During Ward's interrogation, detectives noted his oddly composed demeanor.

"James Ward was smiling, and seemed to be in an upbeat mood," one detective wrote in court documents.

Video captured Ward calling relatives to say that his wife was dead.

"Ummm...it was an accident and I will tell you more about it later, but it was a very tragic accident," Ward told one loved one.

Jailhouse video captured Ward dancing and laughing with his daughter and sister-in-law.

His daughter told him, "There's money in the account for you to get stuff, all sorts of goodies. You can buy a bra so I was thinking you'd enjoy that and hemorrhoid cream."

Ward replied, "I'm right here, the Ritz!"

ABC News' legal analyst Dan Abrams said that the videos, while disconcerting, may not play a big factor in the trial.

"They make him look odd, they make him look bad, but I don't think it's going to be that significant in terms of guilt or innocence. These are her [Diane Ward's] family members as well," said ABC News legal analyst Dan Abrams.

Prosecutors argue that Bob Ward's DNA was found on the gun and that Diane Ward was shot from over a foot away. Diane Ward was also shot within days of being scheduled to give a deposition in a financial investigation against her husband. Bob Ward faced allegations that he took money from his companies to support his lavish lifestyle.

When jury selection began Monday, potential jurors were asked about how much they knew about the case and the videos of Ward laughing and joking.

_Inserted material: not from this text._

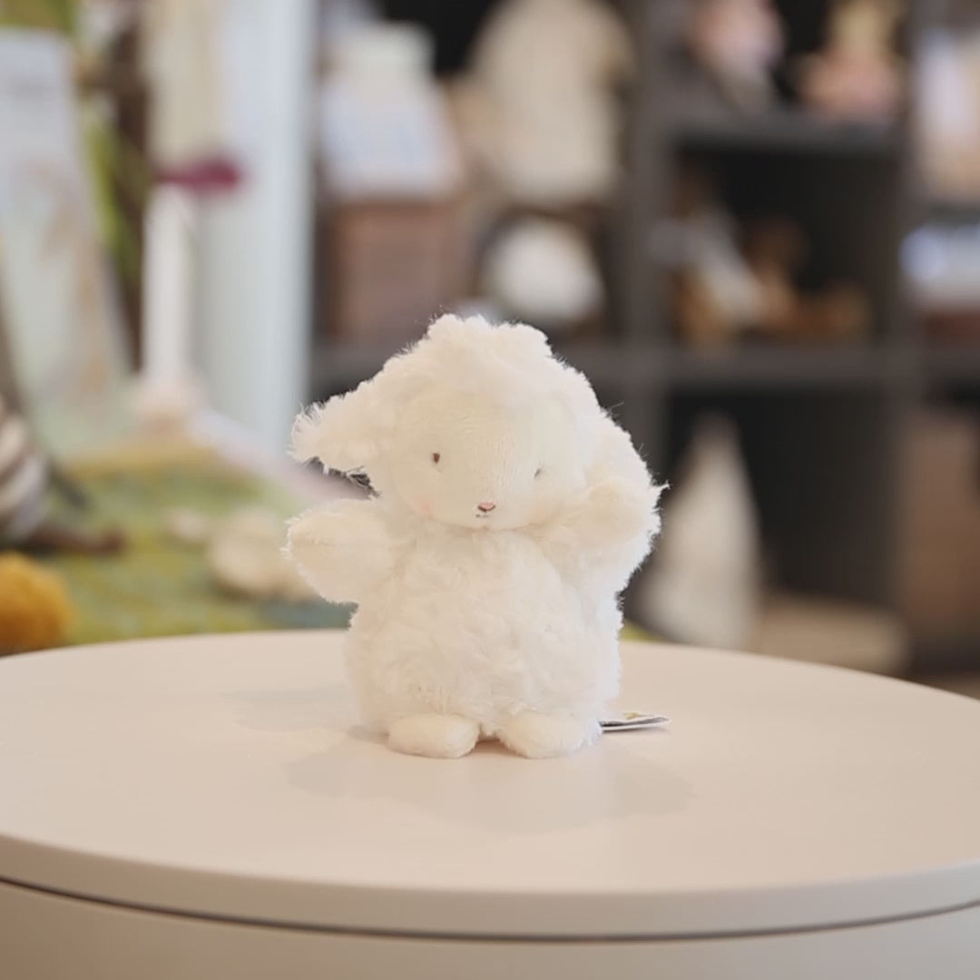 Wee Kiddo the Lamb, a charming plush bag charm! With soft white fur and adorable rosy cheeks, Wee Kiddo is the perfect pocket-sized pal for all your journeys. This sweet little lamb is ready to clip onto your keys, backpack, or purse, and spread a bit of delightful cheer wherever you go!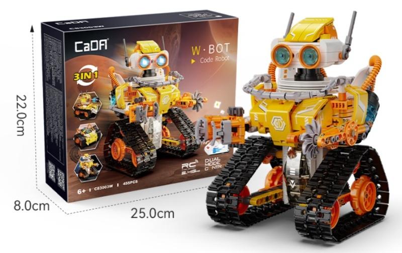 Stavebnice CaDA nabízí široké možnosti tvoření, které podpoří vaši představivost a dovednosti. Sestavit lze krásného a barevného robota W.BOT z celkem 455 dílků, který lze ovládat jak klasickým dálkovým ovladačem, tak i moderní aplikací ve vašem telefonu.

One excused juror couldn't understand the videos.

"I thought why is he laughing about the situation," she told the courtroom.

Another excused juror said that his daughters made him a sympathetic figure.

"My biggest concern is the girls," she told the court.

Legal analyst Abrams said that the defense should worry about a Casey Anthony backlash during their trial.

"In Orlando right now, there's probably some level of disappointment, frustration that they've become the focus of the nation for the verdict that shouldn't have happened...the defense should at least be concerned about the possibility of Casey Anthony backlash, a jury that doesn't want to be seen as the next Casey Anthony jury."